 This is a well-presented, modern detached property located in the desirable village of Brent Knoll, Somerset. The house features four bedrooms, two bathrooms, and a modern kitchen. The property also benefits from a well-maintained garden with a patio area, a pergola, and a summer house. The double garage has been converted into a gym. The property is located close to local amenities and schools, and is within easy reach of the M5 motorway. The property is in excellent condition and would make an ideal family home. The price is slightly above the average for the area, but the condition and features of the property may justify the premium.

* * *

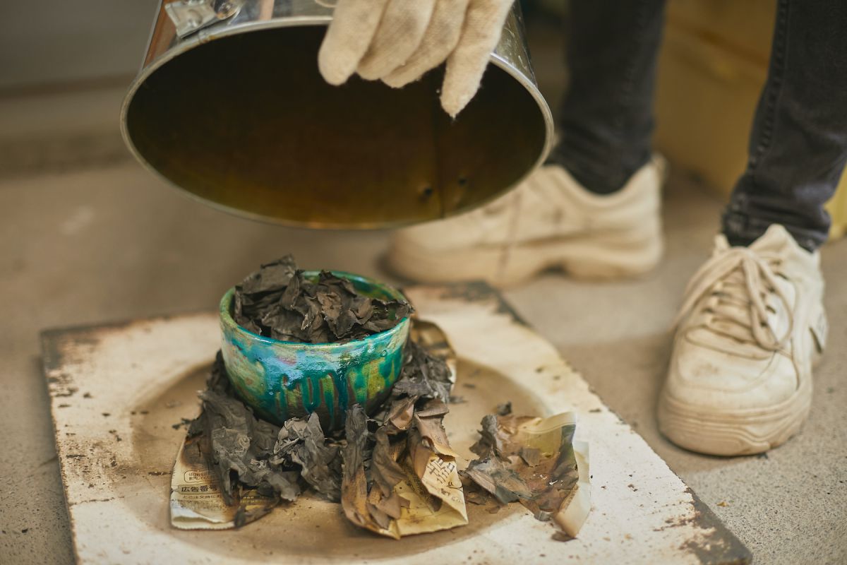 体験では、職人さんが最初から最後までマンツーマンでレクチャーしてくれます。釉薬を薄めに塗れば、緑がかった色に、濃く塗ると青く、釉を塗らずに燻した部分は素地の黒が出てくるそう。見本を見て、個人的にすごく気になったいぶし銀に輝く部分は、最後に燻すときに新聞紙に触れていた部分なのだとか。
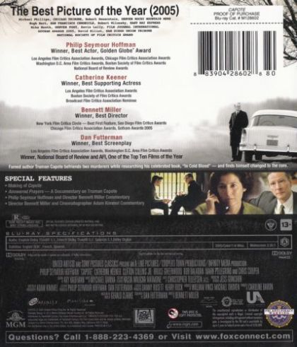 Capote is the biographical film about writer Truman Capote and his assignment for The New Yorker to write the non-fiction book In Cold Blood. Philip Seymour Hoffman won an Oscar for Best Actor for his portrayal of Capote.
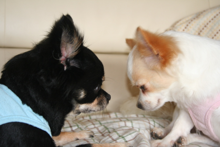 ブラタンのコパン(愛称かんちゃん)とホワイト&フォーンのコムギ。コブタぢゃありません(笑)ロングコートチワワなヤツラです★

AIM OF THE EXERCISE —
Using the records above, print exactly the lines between the ones containing "Capote is the" and "ブラタンのコパン(愛称かんち", inclusive, and nothing else; no pictures.

EXPECTED ANSWER —
 Capote is the biographical film about writer Truman Capote and his assignment for The New Yorker to write the non-fiction book In Cold Blood. Philip Seymour Hoffman won an Oscar for Best Actor for his portrayal of Capote.
 ブラタンのコパン(愛称かんちゃん)とホワイト&フォーンのコムギ。コブタぢゃありません(笑)ロングコートチワワなヤツラです★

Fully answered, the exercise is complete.